What new challenges will the industry face going forward?
“Challenges are the continued regulations, the unknown of the federal legalization, and [the fact] that we are not in a competitive state,” said Serge. “Americans are competitive people and now our hands are tied. Canadians have all the funding in the world. Compare our industry to the stock deals done out of Canada. Just think about it. They are coming across the border and are able to accumulate resources and opportunities on our land. All of this is strictly funded by privateers, by people with savings and reinvested earnings. This is an unfair competitive landscape and I hate the sound of it. We are the ones who are pioneering the industry in Colorado and California and it turns out to be like an old joke—pioneers get shot and settlers are the ones who are making money! It’s not good.”
Will the market favor dispensaries or delivery?

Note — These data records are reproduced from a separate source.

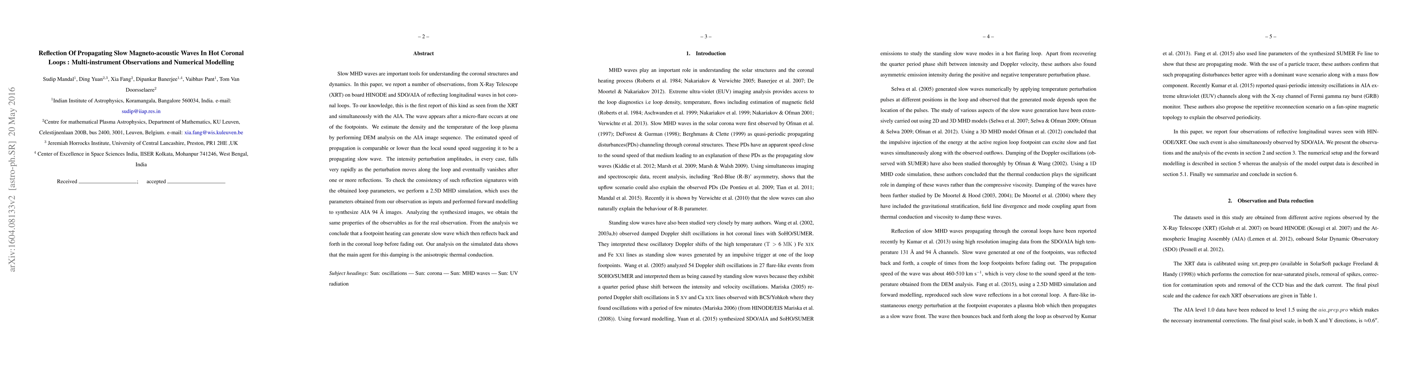 This paper reports observations of reflecting slow magneto-acoustic waves in hot coronal loops using XRT and AIA instruments, noting the rapid decay of wave intensity. Numerical simulations confirm these reflections and suggest anisotropic thermal conduction as the primary damping mechanism.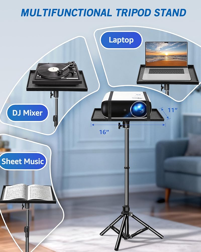 Lusweimi Projector Stand Tripod, 56 Inch Height Adjustable Laptop Stand with 16x11 Inch Tray, Portable Projector Mount, Stable Tall Tablet Floor Stand for Office, Home, Outdoor, Studio and DJ Racks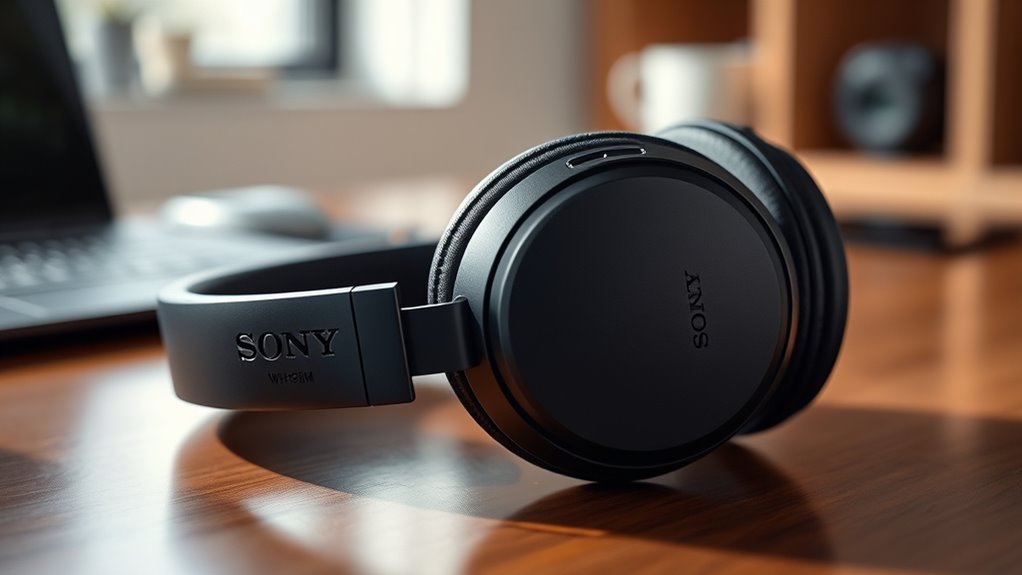 If you want immersive, high-quality sound from the WH-1000XM6, paying attention to its sound quality features is crucial. Look for headphones that support High-Resolution Audio for detailed, accurate playback that captures every nuance. An advanced processor like the HD Noise Canceling Processor QN3 not only improves noise reduction but also enhances sound clarity, making your listening experience more refined. Customizable equalizer settings allow me to tailor the sound to my preferences, while collaboration with mastering engineers ensures professional-grade sound quality. Lightweight, balanced drivers such as carbon fiber dome drivers deliver crisp vocals and instrument separation. Additionally, support for wireless codecs like LDAC ensures rich, high-fidelity sound over Bluetooth, making every listening session truly immersive.

“I believe that there will be an online presence where the consumer will be educated just like in any other goods or service industry. Then there will be the consumer who would like to go and actually chat with people who are in the know and in the action, just like you would go and select your wines. In this instance, you go into the store that has a great selection of brands and you will find two or three bottles that you really like, but this does not mean that you would not on occasion order them online just for the convenience of your day to day life. I believe it will be a healthy combination of the two, and it’s for the better.”

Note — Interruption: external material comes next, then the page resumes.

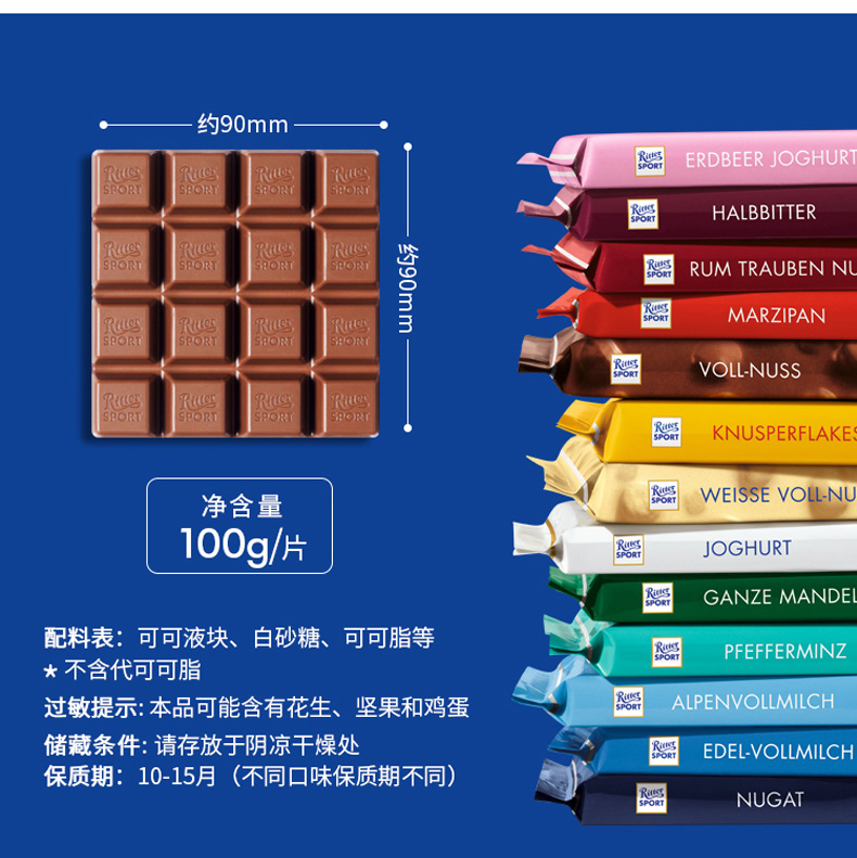 Ritter Sport在全球20大巧克力制造商中名列第四位。作为排块巧克力的创作者,Ritter Sport每种口味的巧克力都是用8种不同的可可混合而成,这款巧克力,口感丝滑浓郁香甜可口,甜而不燥,每一口都是满满的幸福。

What do you know now that you wish you had known when you started?
“What I know now that I wish I had known when I was starting is that regulations would continue to change. I understand that the government is trying to find their footing, but because of this the manufacturers and logistical personnel need to continue changing packaging and labeling and adjusting how we bring our product to the market. That would have been helpful to know and I would have thought by now that the banking system would be more available to the cannabis industry as well, but that is still not happening. Other than that, our expectations were very limited, because starting in the industry was a freedom and an opportunity to finally do what we are passionate about and share that with the rest of the world.”